===== DATASET EXTRACT
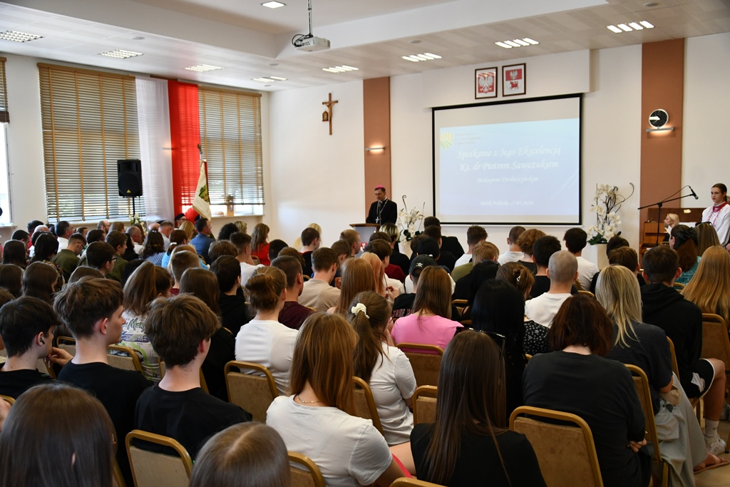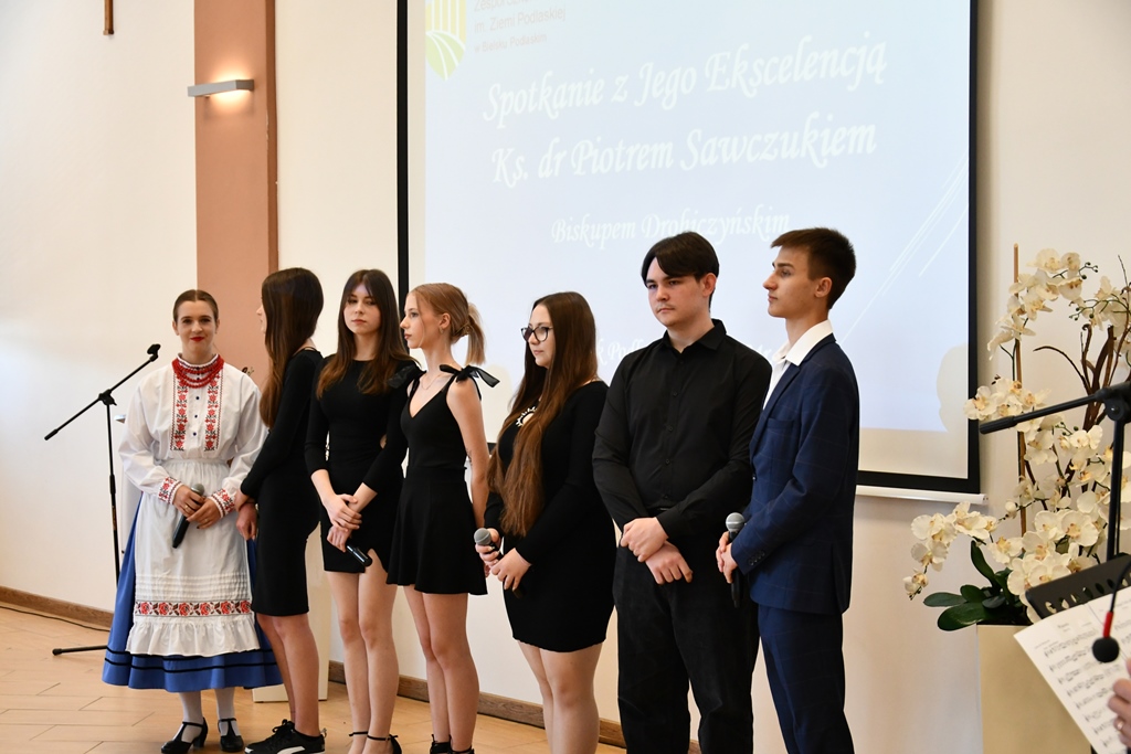 Kolejnym miejscem odwiedzin był Zespół Szkół nr 4 im. Ziemi Podlaskiej. Słowa powitania w imieniu całej społeczności szkolnej skierował dyrektor Bolesław Hryniewicki. O część artystyczną zadbał szkolny Zespół Pieśni i Tańca „Podlaskie Kukułki”, który zgromadzonych ubogacił swym śpiewem i tańcem. Również temu spotkaniu towarzyszyło słowo biskupa i pasterskie błogosławieństwo.
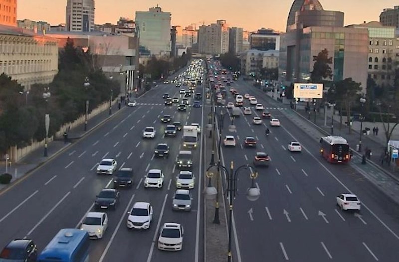 Paytaxt Bakının bir sıra küçə və prospektlərində nəqliyyatın sıxlığı müşahidə olunur.
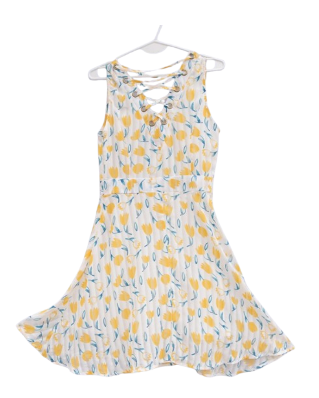 Los tulipanes que florecen en tu vestido. Gasa delicada con estampado floral romántico.
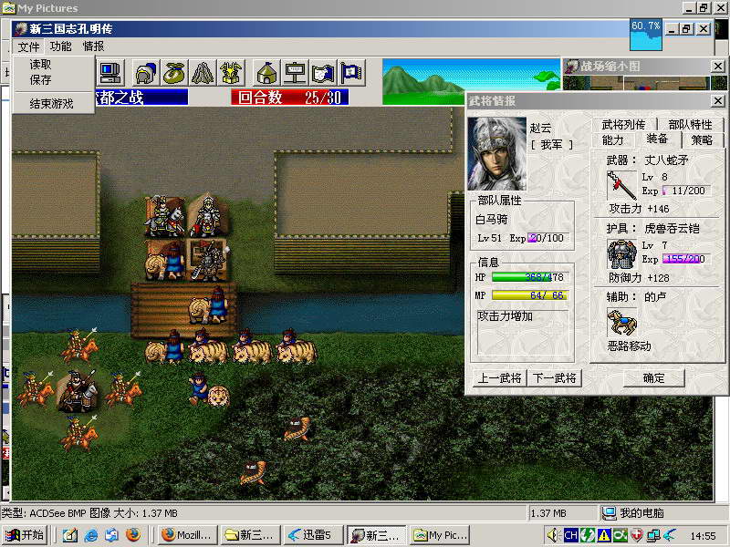 PS:动物能混住的就不杀,为小赵冲出去的时候减轻压力。要杀也得是复活后的第一会合这样也能争取到宝贵的4会合。本关魏延才23。为了让他升级中间杀了几个动物,否则过程应该更轻松!而装备也是很重要,小赵7J社毛一个点杀就能杀3个。过瘾~~不过这样升级太快了直接导致级差继续拉大,不知道这是不是作者的另一个阴谋捏
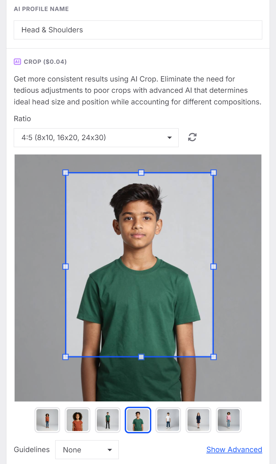 To get the most consistent results, create separate crop profiles for each subject and pose type. When configuring the crop, choose the preview image that most closely matches the pose you’re working with.
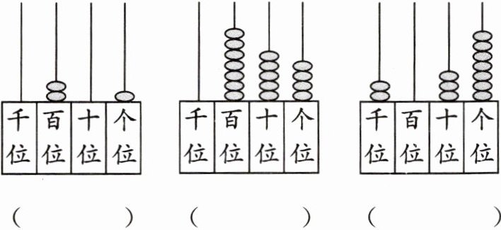 一 写出下面各计数器上的数,数一数分别用了多少个珠子,再填一填。
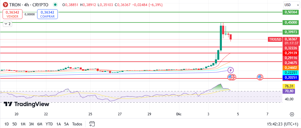 Cabe destacar que en el momento de la redacción el precio de TRX es de 0,359 USD, con ganancias diarias de 56%, semanales de 78% y mensuales de 119%.
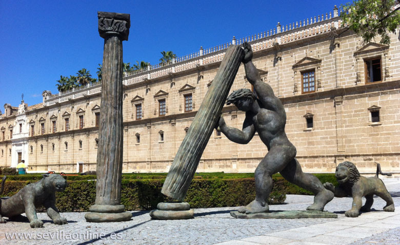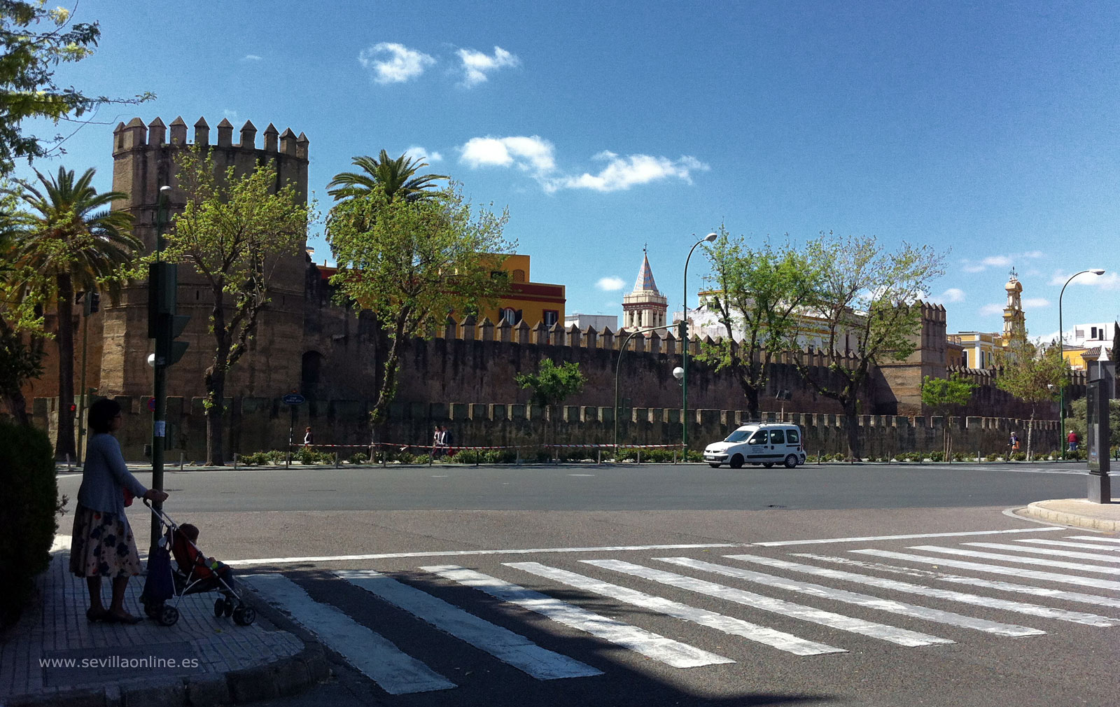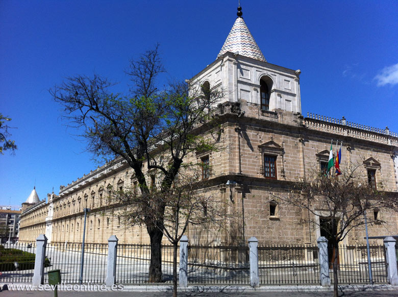 En frente del arco, al otro lado de la "ronda" a la derecha, se encuentra el antiguo hospital de las Cinco Llagas, ahora restaurado, edificio que alberga hoy el Parlamento de Andalucía.
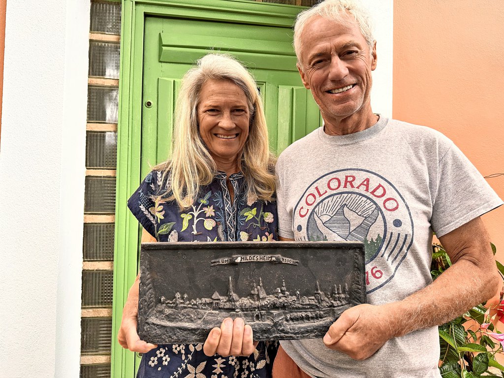 Auch ihrem Partner Alain gefiel das Stück, das etwa 20 mal 40 Zentimeter groß ist, zwei Zentimeter breit und mehrere Kilo wiegt. Er finde das Relief schön, sagt der 67-jährige ehemalige Weinbauer. Doch auf den Namen der Stadt, die dort zu sehen ist, habe er nie geachtet. „Hildesheim – das sagte mir gar nichts.“
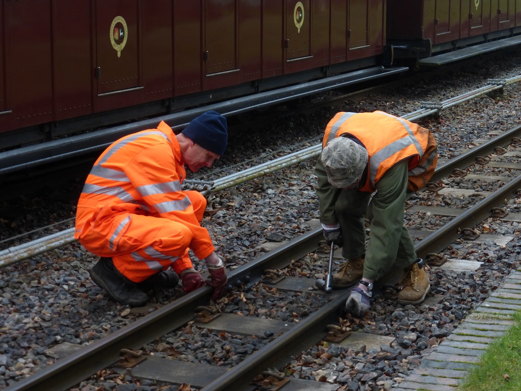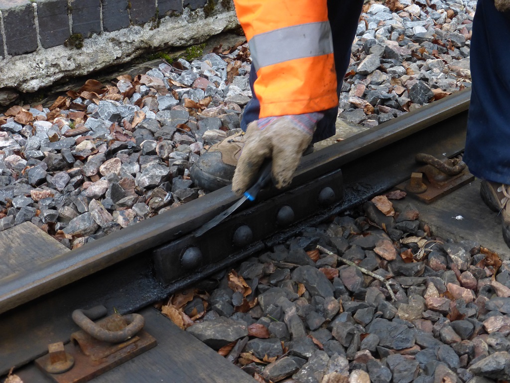 6. A start was made today on the task of fishplate greasing in the Station roads. To accommodate the expansion and contraction of the rails, the rail joints and fishplates need to move. Annually or thereabouts, the fishplates are loosened and grease applied to them before re-tightening. Several members of the current Thursday Gang had yet to experience this treat!
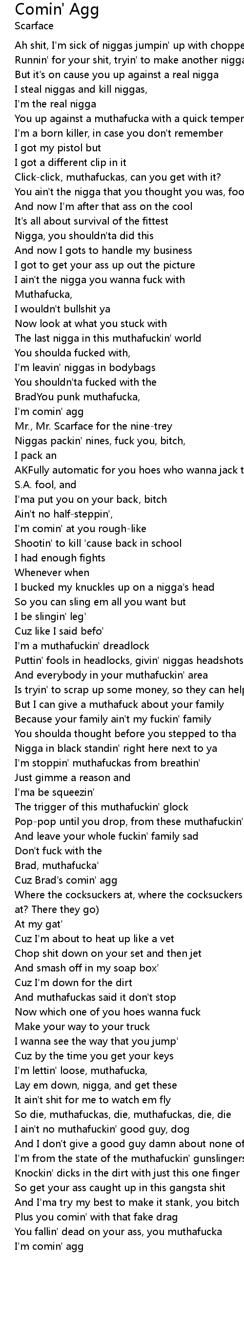 I'm comin' agg |
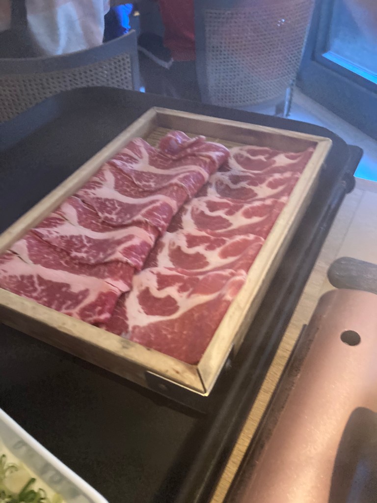 然後還有一大盤肉~肉~我們選一半豬、一半牛,如果照著服務人員建議的時間煮的話應該很好吃,可惜寶包不乖,爸爸媽媽來不及顧肉阿阿阿阿阿阿阿
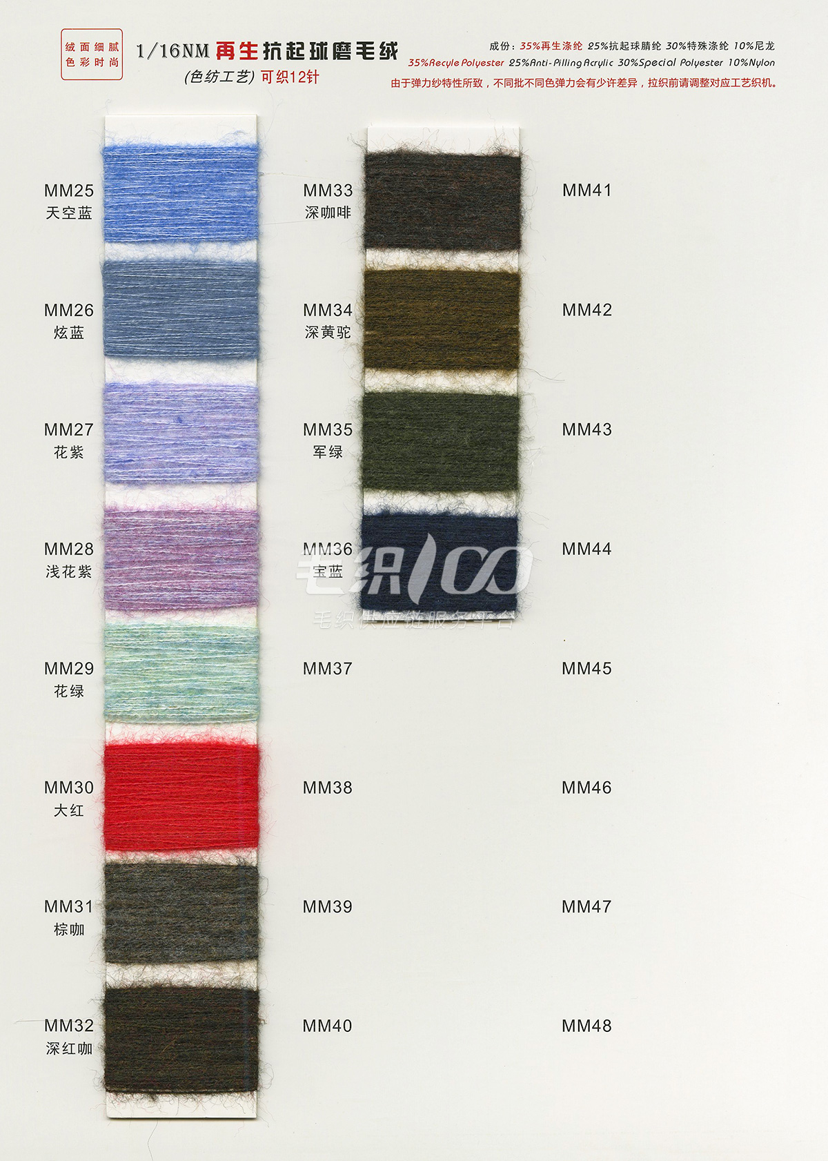 再生抗起球磨毛紗
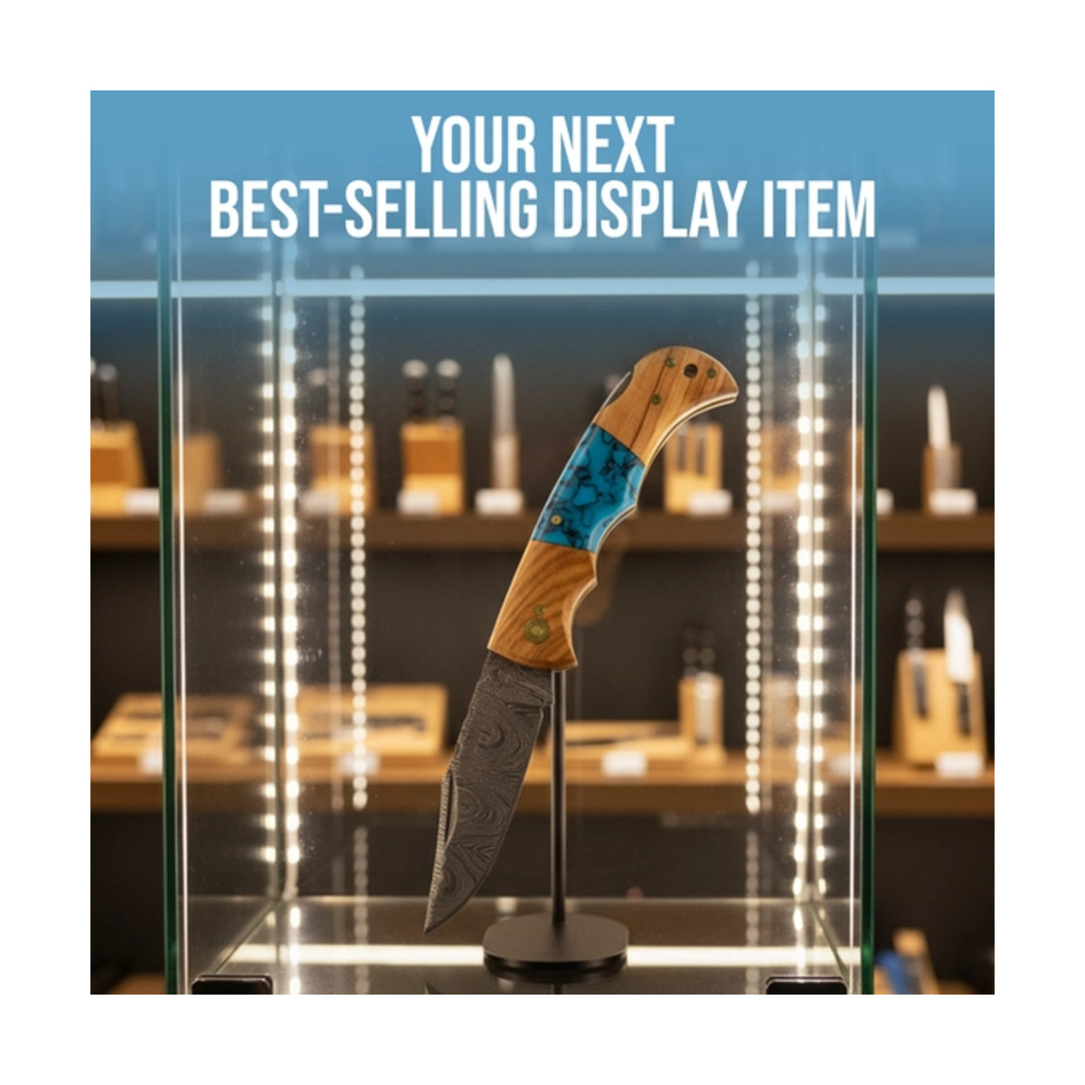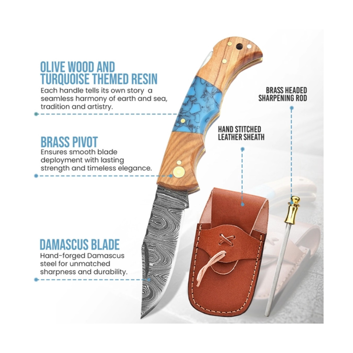 6.5" käsitöö Damaskuse kokkupandav nuga + nahast tupp | 300 kihti
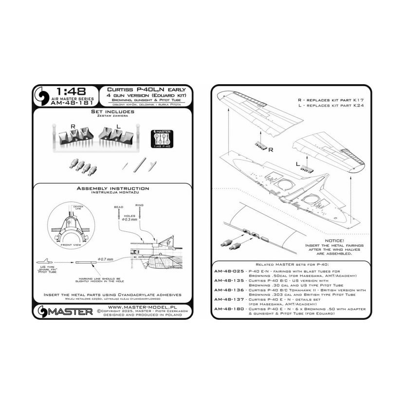 Parametry produktu  1:48 Curtiss P-40 L,N gunsight&P.Tube&Browning 0.5
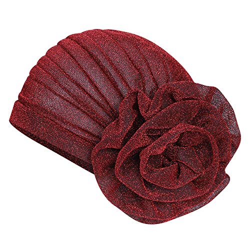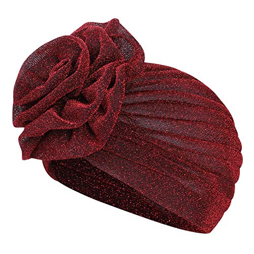 IBLUELOVER Cappello Turbante Chemo cap per Le Donne Fiore Copricapo Perdita di Capelli Beanie cap India Bandana Foulard Night Sleep cap Musulmano Hijab cap per Protezione dei Capelli,Rosso Vinaccia,M
==========
▶ [TASK PROMPT] Using the data above, retype exactly and only the lines from the one containing "Los tulipanes que" up to and including the one containing "Auch ihrem Partner", with no pictures carried over.

▶ [EXERCISE ANSWER]
 Los tulipanes que florecen en tu vestido. Gasa delicada con estampado floral romántico.
 PS:动物能混住的就不杀,为小赵冲出去的时候减轻压力。要杀也得是复活后的第一会合这样也能争取到宝贵的4会合。本关魏延才23。为了让他升级中间杀了几个动物,否则过程应该更轻松!而装备也是很重要,小赵7J社毛一个点杀就能杀3个。过瘾~~不过这样升级太快了直接导致级差继续拉大,不知道这是不是作者的另一个阴谋捏
 To get the most consistent results, create separate crop profiles for each subject and pose type. When configuring the crop, choose the preview image that most closely matches the pose you’re working with.
 一 写出下面各计数器上的数,数一数分别用了多少个珠子,再填一填。
 Cabe destacar que en el momento de la redacción el precio de TRX es de 0,359 USD, con ganancias diarias de 56%, semanales de 78% y mensuales de 119%.
 En frente del arco, al otro lado de la "ronda" a la derecha, se encuentra el antiguo hospital de las Cinco Llagas, ahora restaurado, edificio que alberga hoy el Parlamento de Andalucía.
 Auch ihrem Partner Alain gefiel das Stück, das etwa 20 mal 40 Zentimeter groß ist, zwei Zentimeter breit und mehrere Kilo wiegt. Er finde das Relief schön, sagt der 67-jährige ehemalige Weinbauer. Doch auf den Namen der Stadt, die dort zu sehen ist, habe er nie geachtet. „Hildesheim – das sagte mir gar nichts.“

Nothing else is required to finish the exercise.